We used shotgun lipidomics to evaluate lipid content and distribution of fatty acid molecular species in the NS and Syn mitochondria. The lipid classes were listed according to their relative abundance (Table 1). Although the content of most lipids was similar in the NS and Syn mitochondria, the content of Ptd2Gro was lower whereas the content of PtdSer and Cer were higher in the Syn mitochondria than in the NS mitochondria. The myelin-enriched lipids, sulfatides and cerebrosides, were not detected in either NS or Syn mitochondria.
The analysis of highly purified brain mitochondria by shotgun lipidomics presents an innovated high-throughput approach to analyzing the mitochondrial lipidome. The major obstacle that arises from analyzing brain mitochondria is obtaining a highly purified fraction free from contamination. Although numerous types of discontinuous gradients can be utilized, we found that a Ficoll gradient in addition to a sucrose discontinuous gradient could obtain a highly purified brain mitochondria preparation suitable for lipidomic analysis (1).
Differences can exist in content, molecular species, glycerophospholipid subclass, or total fatty acid distribution in mitochondrial lipids. These differences can be readily detected using a shotgun lipidomics platform with minimal sample processing (14). Changes in any or all aspects of the mitochondrial lipidome will likely change membrane fluidity, efficiency of the proton gradient, regulation of specific enzyme activities, as well as the overall bioenergetic efficiency of mitochondria (7). Alterations in brain energy metabolism in neurological and neurodegenerative diseases is well established (32-34). Analysis of the brain mitochondrial lipidome in diseased tissues or mouse models can provide new insight into the role of mitochondria lipid alterations during disease pathogenesis.

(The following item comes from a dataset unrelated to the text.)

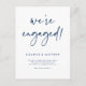 Nous sommes fiancés ! Annoncez votre fiançailles à votre famille et à vos amis avec cette carte postale personnalisable de fiançailles photo faire-part. Il comprend la calligraphie moderne et la typographie simple. Cette carte postale fiançailles bleu marine est disponible en d'autres couleurs. Personnalisez en ajoutant vos photos, noms et autres détails.

The development of a high-throughput approach to analyze the brain mitochondrial lipidome is a new tool to study the cause(s) for altered energy metabolism in diseased brain (35). We have also used this approach to provide lipidomic evidence supporting the Warburg theory of cancer in a series of mouse brain tumors (36). It is our opinion that new insight on brain function and pathogenesis will be realized with further investigations of the brain mitochondrial lipidome.